Justices Elena Kagan, Sonia Sotomayor, and Kentanji Brown Jackson dissented in the case. “The majority’s artificially narrow definition hamstrings the Government’s efforts to keep machineguns from gunmen like the Las Vegas shooter. I respectfully dissent,” Sotomayor wrote in the dissent.

That pressure was real. But it was not law. The United States Constitution is extremely clear on how laws are made, and “a lot of people are upset about something” lies nowhere within its instructions. If one wishes, one can argue that Congress ought to have changed the law after the Nevada massacre. But it didn’t. And, because it didn’t, the executive branch had no more authority to issue its rule than it had had on the “more than 10 separate occasions over several administrations” on which it had concluded that such a change would be ultra vires.

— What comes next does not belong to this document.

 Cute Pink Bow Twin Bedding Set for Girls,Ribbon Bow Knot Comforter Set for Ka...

In her dissent, Justice Sotomayor contends that none of this matters. “When I see a bird that walks like a duck, swims like a duck, and quacks like a duck,” she says, “I call that bird a duck.” Within the context of statutory interpretation, I’m afraid that I do not know what this means. The question at hand was not whether bump stocks make semi-automatic firearms look like automatic firearms; the question was whether bump stocks physically transform semi-automatic firearms into firearms that, per the relevant language within the law, are able to shoot repeatedly “by a single function of the trigger.” Obviously, they don’t. Perhaps Sotomayor believes that the language Congress passed is too precise. Perhaps, instead, she’d like 26 U.S.C. §5845(b) to discuss effect or implication or to lay out some vague sense of congressional purpose that could be broadly applied by the other branches. If so, that is her prerogative, but, until Congress acquiesces, her job is to uphold the law as it is written — and, in this case, it was the six colleagues whom she criticizes who did that.

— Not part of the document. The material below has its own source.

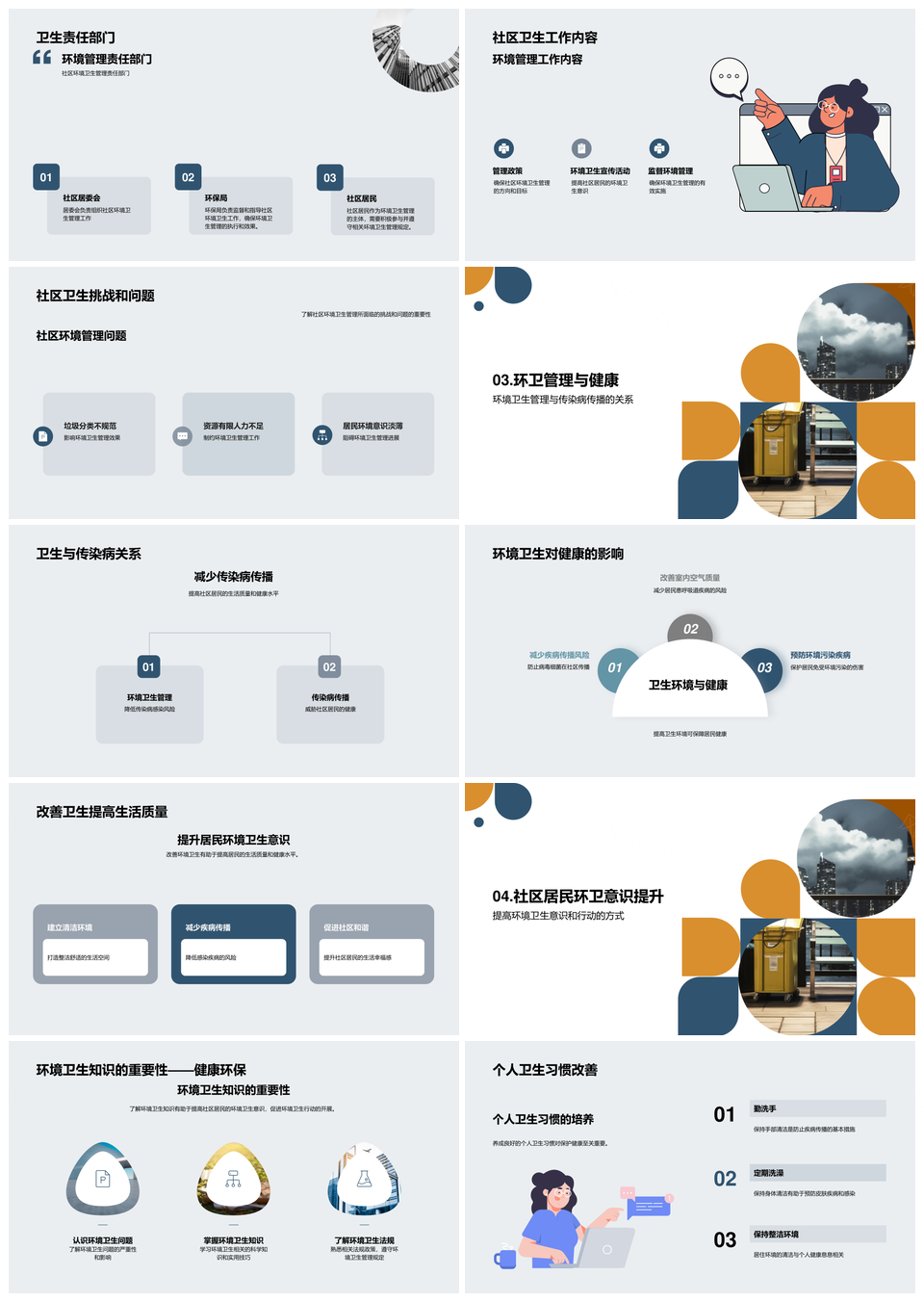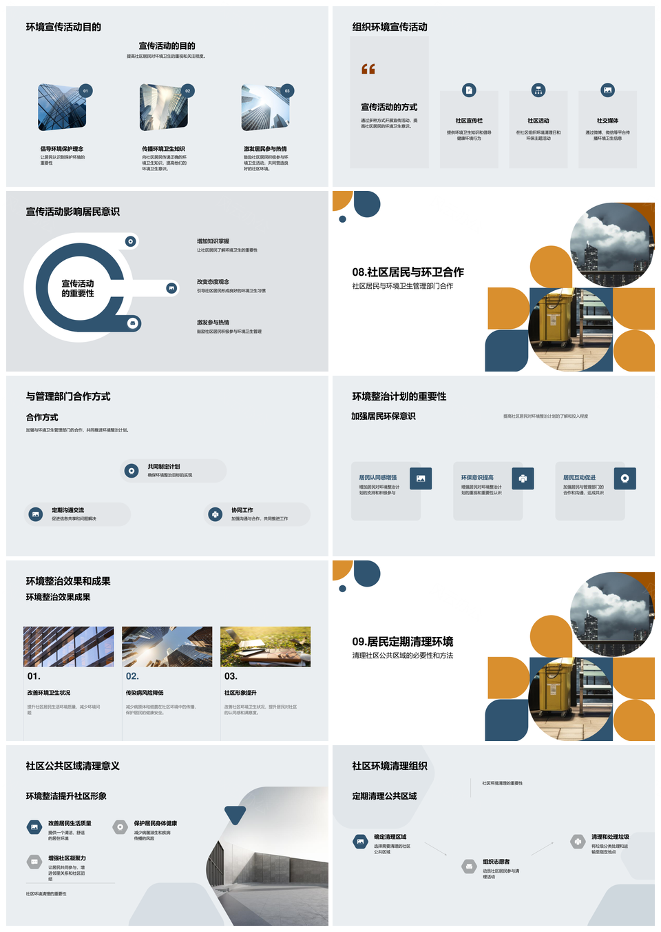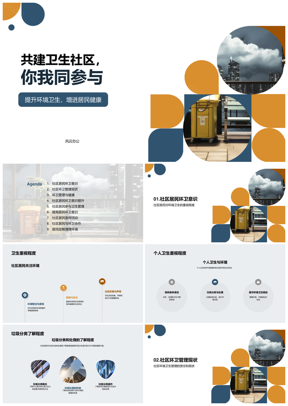 风云办公提供的社区居民共创清洁社区共享健康生活PPT模板,下载格式为pptx,一共39页,作品中文字及图均可以修改和编辑,图片更改请在作品中右键图片并更换,文字修改请直接点击文字进行修改。

“I was told over five years ago why are you going down this road, no one cares about bump stocks. Let’s go ahead and let them take the bump stocks,” Cargill said in a statement posted to X regarding the ruling.

“But instead, I stood and fought, and because of this the bump stock case is going to be the case that saves everything. Its going to stop the ATF from coming after your pistol brace, triggers, all different parts and pieces that they are trying to ban, he further explained. 

Cargill has previously explained his purpose in challenging the bump stock ban was to reign in executive rule-making powers that could be used to implement other gun control measures. 

Other similar executive rules on firearms have recently been dealt legal blows in federal courts, including the ban on pistol braces that Cargill mentioned. A federal district court in Texas vacated the rule in its entirety, finding that the ATF exceeded its authority in reclassifying the braces as short-barreled rifles.